The U.S./U.K. intelligence cooperation, in this case, was an important factor in countering al-Qaeda’s counterintelligence measures in the email correspondence between Zazi and his Al-Qaeda connection. The U.K. bringing up the recipient’s relevance to U.S. intelligence awareness, provided instant warning when Zazi reached out via email. This initiated the FBI surveillance system that followed Zazi. There is a realistic probability that the absence of this knowledge could have allowed Zazi to proceed with a terror attack. This indicates the importance of intelligence sharing as a counterterrorism tool.
Intelligence surveillance was key to intercepting the Zazi bomb plot. Without surveillance, Port Authority Police would not have searched his vehicle. If Zazi had not been suspicious of surveillance the explosives would have been found in the vehicle and not been disposed of. Surveillance was important since if the authorities had acted too soon and apprehended Zazi, there could have been explosives existing within the cell to carry out the attack. Monitoring the situation was crucial in preventing Zazi from reaching his target.
Intelligence Fusion & Failures
Intelligence cooperation encourages a fusion between transnational agencies as well as intelligence fusion between agencies that act upon this. In this case cooperation with British intelligence supported U.S. intelligence to pick up on intelligence, and corroboration and cooperation with NYPD and Port Authorities ensured that parties involved could monitor the situation to avoid a successful attack on the target.
Failure can be partially observed on allowing Zazi to reach the George Washington Bridge: this could have resulted in an improvised detonation and loss of life. Apprehension could have been conducted in an area with less risk of collateral casualties. Surveillance had failed to pick up on the discarding of the explosives. The explosives could have been intercepted by other members of a cell if the operation was more sophisticated.
Lessons Applied to Al-Shabaab Terror Attacks
Intelligence cooperation between U.S./AMISOM and regional partners have aided in the prevention of terror attacks. This provides situational awareness and is required due to the cross-border/transnational nature of the threat.
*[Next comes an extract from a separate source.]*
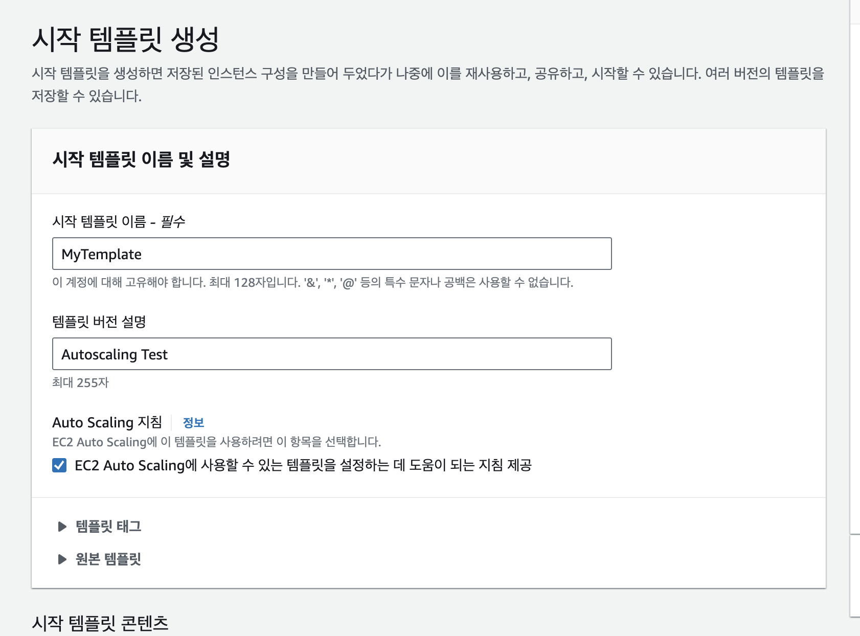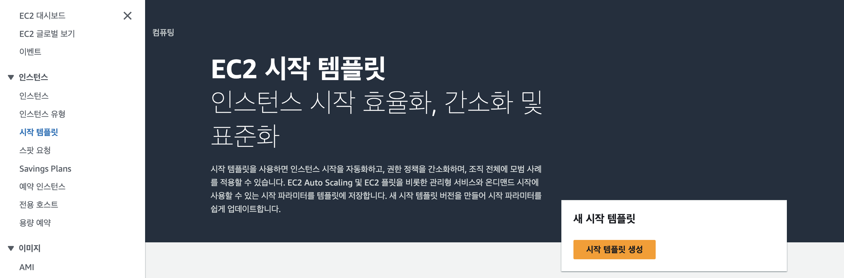EC2 대시보드 -> 시작 템플릿체크 박스 선택AMI 선택

The sophistication and access to highly explosive materials by al-Shabaab differentiates their modus operandi from the Zazi bomb plot. In most instances, intelligence surveillance cannot be as patient with potential suspects due to the significantly higher risk.
Monitoring the significantly higher volume of intelligence and potential surveillance is problematic and the application, in this case, is not realistic. Only partial lessons can be gained from intelligence cooperation and fusion centers. A higher emphasis on intelligence fusion, to provide actionable intelligence on potential terror attacks, is a lesson that can be learned from the Zazi terror plot, citing the importance of intelligence cooperation between regional partners.